Didn't we all learn that from Tom Hanks' drunken and sour character in "A League of Their Own"?
Apparently, the U.S Speedskating team never saw the movie, got the message, or didn't feel
it applied to their world that seems to have more drama than an episode of the Kardashians.
Since Eric Heiden dominated the 1980 Olympic Games in his electric gold racing suit, the
Americans have been a fixture on the medal stand. However, in Sochi, there have been no
medals or smiling faces. The United States has performed worse than the Jamaican bobsled
team and there have been enough tears to fill up that six-inch space between Justin Bieber's ears.
All because of the racing suits. Yep, their Under Armour-made racing suits are to blame.

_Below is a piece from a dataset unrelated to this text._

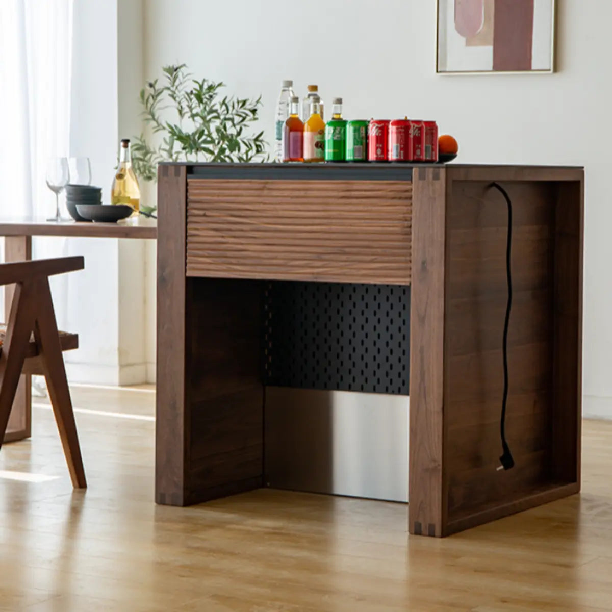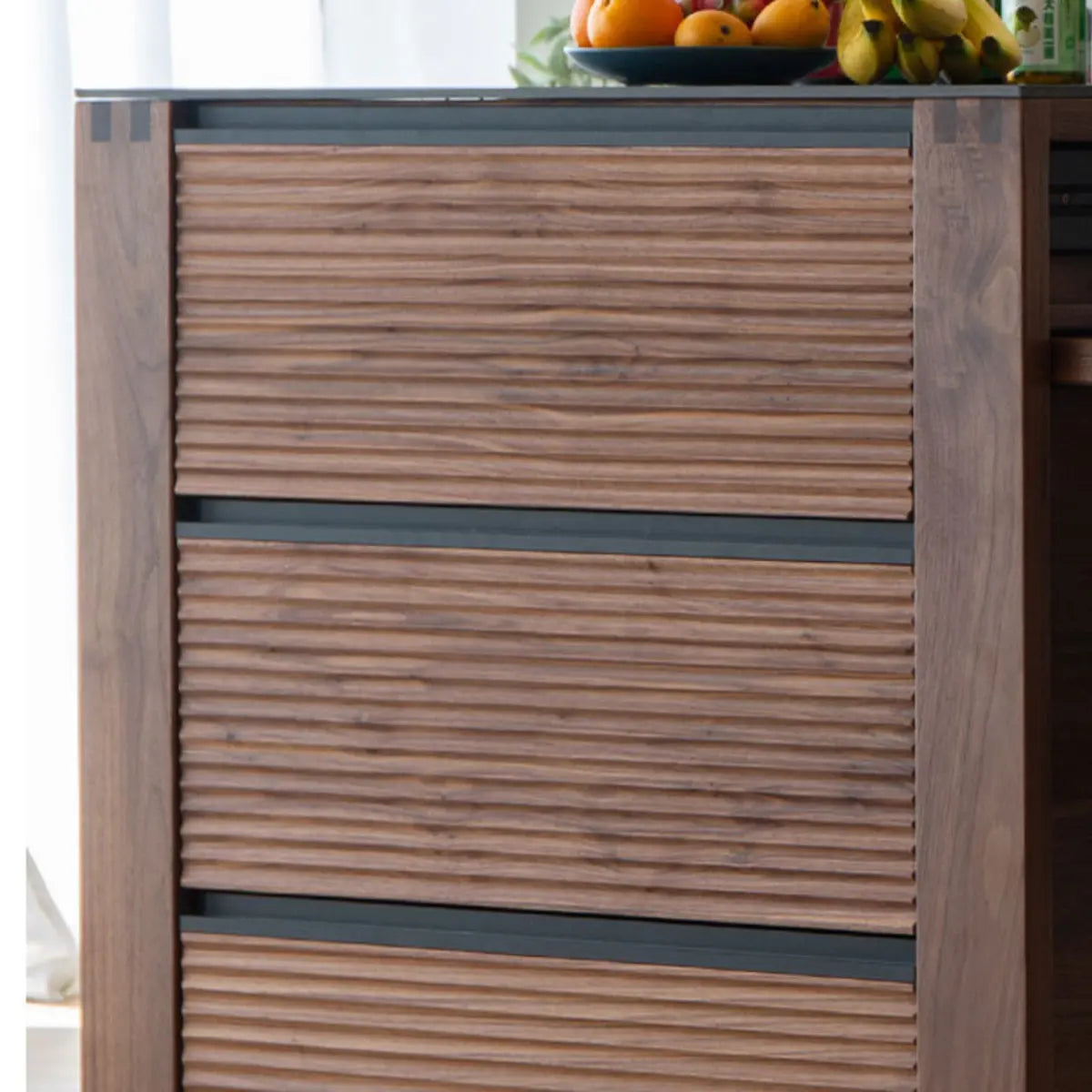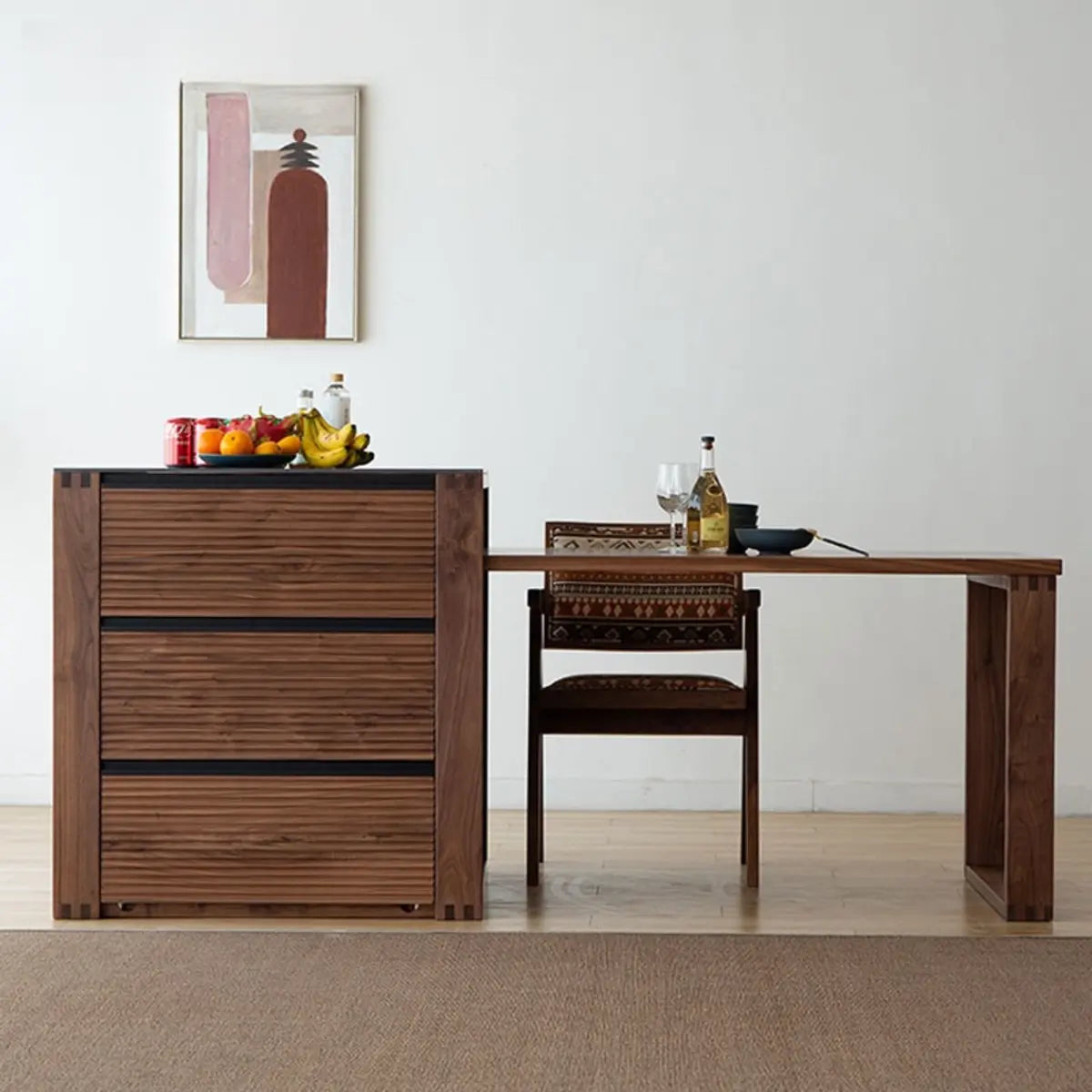 This modern kitchen island uses excellent walnut wood, combining practicality and beauty. Its unique rectangular design and large black countertop give ample workspace and heighten a stylish touch. Drawers give a convenient storage solution for your kitchen utensils and other items, organizing your space efficiently.

(Insert Allan Iverson's tone and theatrics here)
"We're talking about the suits, not thunder thighs or an incredible work ethic, but suits! Not
great technique or mental toughness, but specially-crafted, aerodynamically perfected suits!
No, not heart, will, or desire, but skin-tight racing suits!"
In the first six speedskating races in Sochi, no American finished higher than seventh.
Of course, it just had to be because of their new Mach 39 Under Armour racing suits.
You know, the ones skater Patrick Meek proclaimed to be "the fastest speedskating suit
ever made", before the Olympics?
You know, those skin-tight, ultra-light ones developed in partnership with Lockheed Martin
— the aerospace and military contractor — and promised the best aerodynamics yet.
You know, the ones the Maryland football program thought would lead them to national
prominence. Wait, sorry, wrong sport.
You know, the ones the U.S Slow-skaters seem to be crying about since they don't have
any medals around their necks.
"The best thing would have been to make sure that these suits were what the people said
they were, so that we can actually know going into the races instead of finding out on one
of the biggest races of our lives," Davis told the Associated Press.
Man, if a reality show producer needs some new talent for the "Housewives" of everywhere
series, he won't have far to look for Terrell Owen-sized divas. Lord, help us.
And by the way, Shani. Did you and the U.S. Skating Federation just find out your Olympic
events were this week? You had years to figure out if these suits were OK and you're
complaining about it now?
Look, I understand a little something about wind resistance and all that stuff when it comes
to better performance. I get it. But the Americans blaming their poor performances on their
suits is really bad form.
It'd be like Tiger Woods crying about the graphite shaft of his Nike driver after air-mailing
another drive two fairways over and hitting another patron on the head.
It'd be like Roger Federer losing to Rafael Nadal in another big Grand Slam event and
complaining because his headband was too thick and too tight.
It'd be like the Upton brothers blaming all 285 strikeouts of their strikeouts last summer
on their flame-tempered Louisville Slugger bats.
You just don't do it.
The American slow-skaters were so freaked out by their performance in the first
six events, they switched out of their new suits into the Under Armour-models they
wore when they dominated the World Cup. Yeah, that'll do it. Gold medal stand, here
You know what happened?
Well, let's just say than no American still hasn't finished better than seventh. Wow, it
must've been the skates, not the suits.
I listened to an NBC reporter's interview with Davis and of course, the subject of the suits
came up. I just did a SMH, or whatever people call it these days. Davis looked like a
child who didn't get the present he wanted from Toys R Us.
Nike should bring back Mars Blackmon and mock Under Armour and their suits with a
commercial announcing to the world that "it's gotta be the suits, Michael, is just gotta be
the suits." Yes, it would be bad form, but it'd be pretty darn funny.
Incidentally, the Dutch national team is wearing new high-tech suits during the Olympics,
too. They've won 13 medals through seven events.
Michael, it's gotta the suits! It's just gotta be the suits!